Symptom: Pod references a PVC that isn't bound to a PersistentVolume.

Diagnosis:

kubectl get pvc
kubectl describe pvc <pvc-name>

Solutions:

Check storage class configuration
Verify storage provisioner is running
Ensure sufficient storage capacity exists
Review PVC access modes (ReadWriteOnce, ReadOnlyMany, ReadWriteMany)

5. Network Plugin Not Ready

Symptom: CNI plugin hasn't initialized on nodes.

Diagnosis:

kubectl get nodes
kubectl describe node <node-name> | grep -i "network"

Solutions:

Wait for CNI plugin to initialize (usually automatic)
Restart CNI pods if stuck
Check CNI pod logs: kubectl logs -n kube-system <cni-pod-name>

6. All Nodes Unschedulable

Symptom: All nodes are cordoned or marked unschedulable.

Diagnosis:

kubectl get nodes
kubectl describe node <node-name> | grep -i "unschedulable"

Solutions:

Uncordon nodes: kubectl uncordon <node-name>
Check why nodes were cordoned (maintenance, issues)
Ensure at least some nodes are schedulable

Step-by-Step Troubleshooting Process

Step 1: Check Pod Events

kubectl describe pod <pod-name>

Look for events that explain why the pod isn't scheduling, such as:

"Insufficient cpu"
"Insufficient memory"
"0/3 nodes are available"

Step 2: Check Node Capacity

kubectl get nodes -o custom-columns=NAME:.metadata.name,CPU:.status.capacity.cpu,MEMORY:.status.capacity.memory
kubectl top nodes

Step 3: Verify Pod Requirements

kubectl get pod <pod-name> -o yaml | grep -A 10 "resources:"

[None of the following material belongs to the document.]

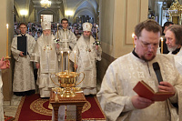 19 января, в праздник Святого Крещения Господня, в Успенском соборе Новодевичьей обители митрополит Ювеналий в сослужении архиепископа Можайского Григория и священнослужителей монастыря совершил Божественную литургию святителя Василия Великого и чин Великого освящения воды.

Step 4: Check Scheduling Constraints

kubectl get pod <pod-name> -o yaml | grep -A 5 "nodeSelector:"
kubectl get pod <pod-name> -o yaml | grep -A 10 "affinity:"

Quick Fixes

Immediate Actions

Delete and recreate: Sometimes recreating the pod helps
```
kubectl delete pod <pod-name>
```
Add a node: Quickly add capacity to your cluster
Remove resource constraints: Temporarily remove resource requests to test
Check for stuck PVCs: Delete and recreate PVCs if they're stuck

Preventive Measures

Set appropriate resource requests (not too high, not too low)
Use HorizontalPodAutoscaler for dynamic scaling
Implement resource quotas at namespace level
Monitor node capacity and plan scaling
Use node affinity carefully (prefer soft affinity)
Document node taints and ensure pods have tolerations

Related Resources

Conclusion

Pods stuck in Pending state are usually caused by resource constraints, scheduling rules, or provisioning issues. Use kubectl describe pod to identify the specific cause, then apply the appropriate solution based on the error message.

Remember: Most Pending state issues can be resolved by either adjusting pod requirements or adding cluster capacity.